Just as I was supposed to protect Rahff. Teach him, protect him, not watch him die.  

*It has been more than five years, Karl. Isn't it time you stopped flogging yourself over Rahff?*

"Don't you ask me that." Karl jumped to his feet. "Ask her, dammit, ask Beralyn. Tell her that it's okay now."

He pounded his clenched fists in front of his face. "There hasn't been a day gone by when I haven't remembered. He trusted me. The boy practically worshipped me." He turned to Beralyn, trying to think of the words that would soften her stony expression. "Baroness . . ." But there weren't any words.

It was too much; Karl pushed away from the table and walked out into the courtyard. He leaned against the wall of the old smithy.

High above, Ellegon's dark form passed across the stars. *Anything I can do?*

"No. Just leave me alone." Karl buried his face in his hands. "I've just got to be alone for a while."

* * *

Time lost its meaning. He never knew how long he stood there.

A finger tapped against his shoulder. He turned to see Beralyn standing next to him, her face wet. "You loved him, too, didn't you?"

Karl didn't answer.

"I've spent years hating you, you know. Ever since a trader brought us your letter, telling us that he was dead."

"I . . . understand."

"I thank you for the understanding. What do we do now, Karl Cullinane? Do we go on hating each other?"

"I don't hate you, Baroness. You've never given me any reason to hate you."

"But you don't like me much, either. You feel that I should be grateful because you freed Thomen, Rhuss, and me."

"Just tell me what you want, Lady. Don't play games with me."

She nodded slowly. "My husband sent Thomen and me away, once the Holts started using these guns and the tide of the war turned against us. He thought we would be safe. But it seems that guns are flowing out of Enkiar these days—flowing toward Holtun."

Enkiar, again.

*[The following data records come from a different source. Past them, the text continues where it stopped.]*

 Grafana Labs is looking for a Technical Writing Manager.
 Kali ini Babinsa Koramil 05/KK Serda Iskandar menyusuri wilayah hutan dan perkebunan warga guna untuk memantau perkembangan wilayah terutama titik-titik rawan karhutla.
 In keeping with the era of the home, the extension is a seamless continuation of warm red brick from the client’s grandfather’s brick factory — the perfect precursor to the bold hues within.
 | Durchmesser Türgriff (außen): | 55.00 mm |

That was where the slaver caravan had been heading. That was where Ahrmin had hired the assassins. What did it all mean?

Well, he'd find out soon enough.

"Aeia told me that you're going to Enkiar. She didn't say where you would be going after that."

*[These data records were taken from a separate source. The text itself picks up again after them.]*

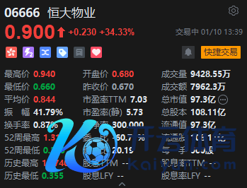 1月10日音书,港股恒大物业股价大涨逾34%,报0.9港元,成交额7962.3万港元kaiyun官方网站登录入口,总市值97.3亿港元。
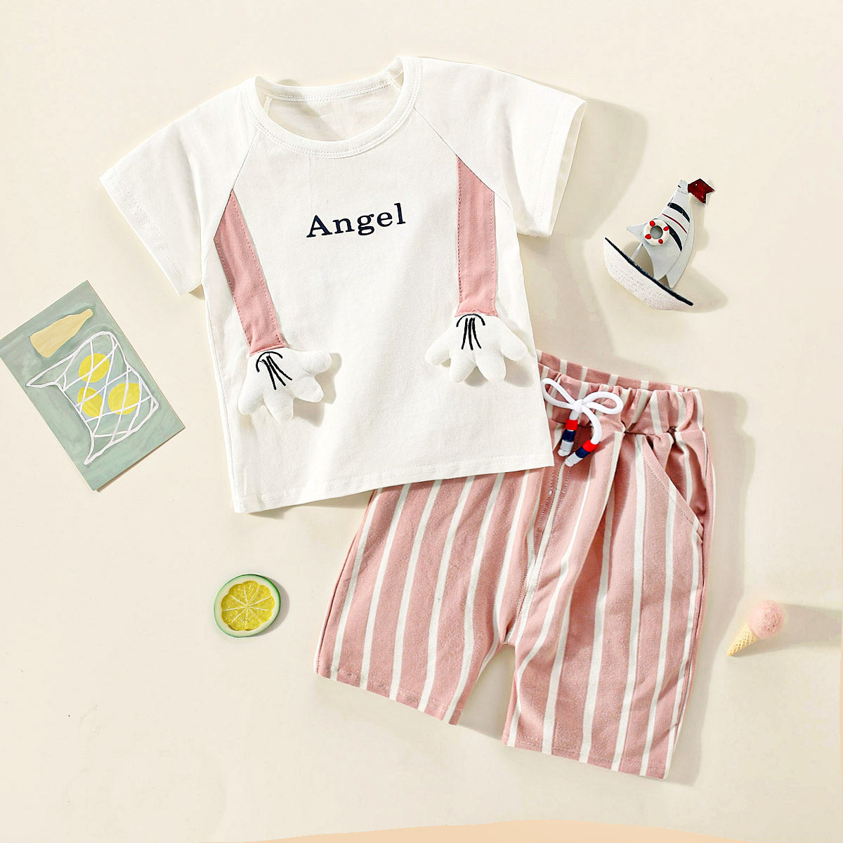 Toddler Boy Casual Striped Cartoon Polo Shirt & Shorts Wholesale
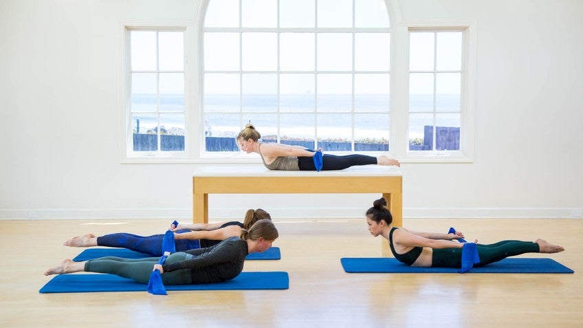I think a single leg kick set up. Yep. Okay. Palms face up. Oh boy. Let's just cheat for a sec. Let's go to the beach and just cheating. Yeah, Doug. Oh God, it's so it's right there. We used to go to the beach. All right, so we know that this is not a supported place to move from, so we'll select darn it, unless we're relaxing, but we're in a [inaudible] class, so we are going to lift our chest and lift the ribs up off the Mat and depending on your body frame and torso length and things, your pubic bone may or may not come up. Also, it's really a variable, but I do want us to think chest forward and up. Okay. Now, light grip on the band externally, rotate your shoulders and start to pull on the band. Not a lot is going to happen. You will feel some warmth around your shoulders and your upper back and then come out of that work. Breathe in less exhale and hold it for three counts.
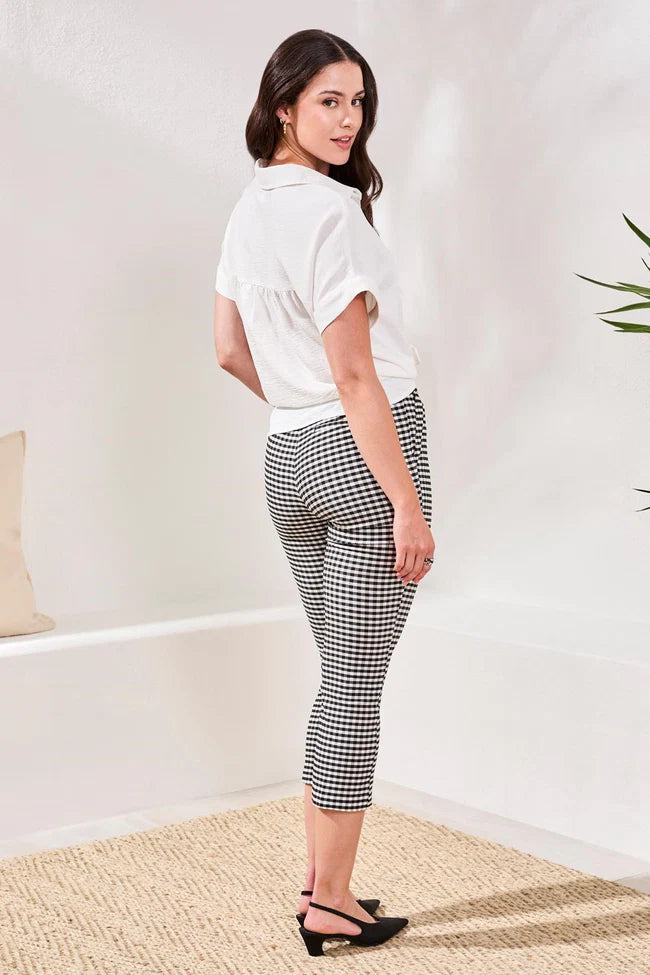 Gingham Bengaline Side Slit Capri Pants

He shrugged. "I guess that depends on what happens there. Maybe back here, maybe on another raid." And maybe to the source of the slavers' guns. Not only was there a score to be settled there, but even light trading in slaver guns and powder had to be stopped.

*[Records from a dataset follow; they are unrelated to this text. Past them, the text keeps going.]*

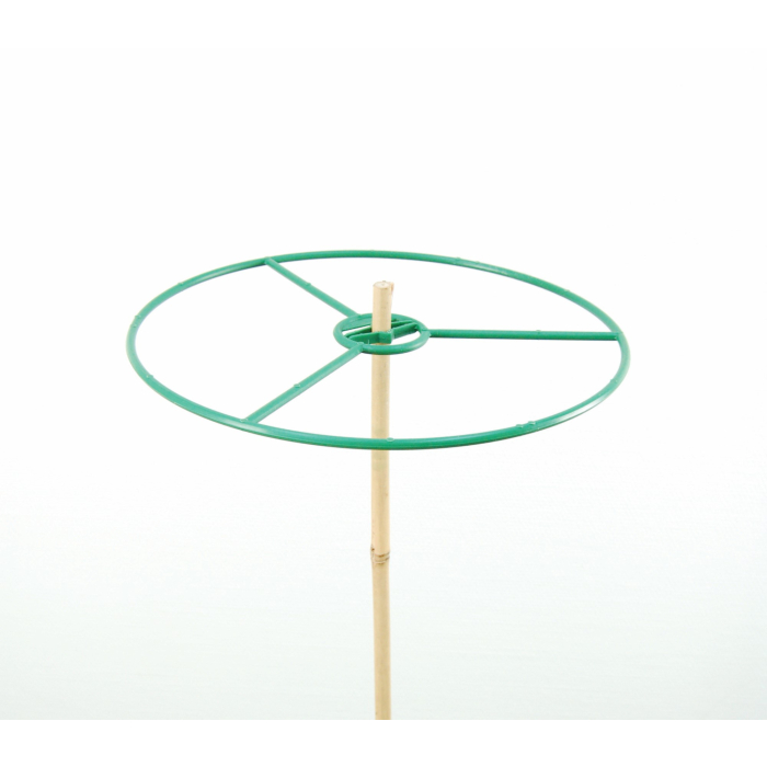 Deze 30 cm plantensteunring kan worden bevestigd aan bijvoorbeeld een splitbamboe met een diameter van minimaal 10-12 mm. Model met spaken en bevestiging voor de stok in het midden van de ring.
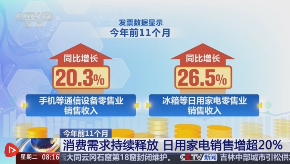 發(fā)票數(shù)據(jù)顯示,2025年前11個月,手機(jī)等通信設(shè)備零售業(yè)、冰箱等日用家電零售業(yè)銷售收入同比分別增長20.3%、26.5%。新能源汽車消費(fèi)也持續(xù)向好,新能源乘用車銷售收入同比增長19.1%。同時,文旅市場新業(yè)態(tài)新場景不斷涌現(xiàn),激發(fā)消費(fèi)活力持續(xù)增強(qiáng)。
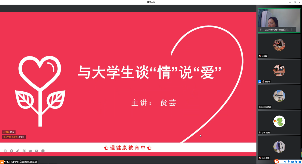 为端正学生恋爱动机,引导学生正确处理恋爱中的问题,养成文明恋爱习惯,4月8日下午,心理健康教育中心组织开展线上爱情主题班会培训。心理健康教育中心贠芸科长主讲,各院部辅导员参加。
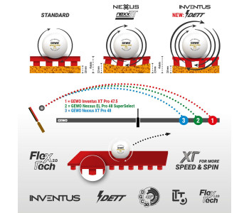 Гнучка губка/гума FLEX-TECH 2.0 (XT), створена спеціально для GEWO, демонструє вражаючу базову швидкість. Гуми серії XT з поверхнею H-Touch DGC40+ 3.0 перетворюють швидкість обертання супротивника у власну енергію та вивільняють її, як катапульта при виході з ракетки. Шипи на гумовому листі розташовані далі один від одного і трохи вужчі ніж на гумках EL. Ці гуми насамперед орієнтовані на швидкість.
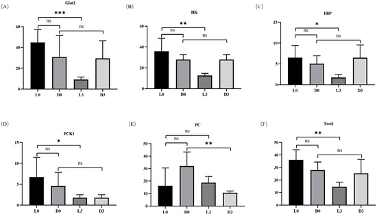 3.3. The Glycolysis Process Showed Different Responses to Pathogen Infection in Hemocytes between V. parahaemolyticus-Resistant and -Susceptible Shrimp

"You owe me, Karl Cullinane. You owe me for my son. I wish to collect on that debt."

He looked her full in the face. "How?"

"You know my husband. Zherr isn't going to survive this war. I'm likely never to see him again. Unless . . ."

"Unless what?" Dammit, couldn't anyone speak plainly?

"Unless you take me back to Bieme. I want to go home, Karl Cullinane. And I want your word." She gripped his hand. "I want your word that if it's humanly possible, you'll take me home, after Enkiar. That's little enough payment for my son's life."

"Baroness—"

"Isn't it?"

"Yes, but—"

"Do I have your word? This . . . word of Karl Cullinane that you prize so much?"

"You have it."

"There is one more thing."

"Yes?"

"Thomen. He is to stay here, to be sent with another party. I won't have him around you."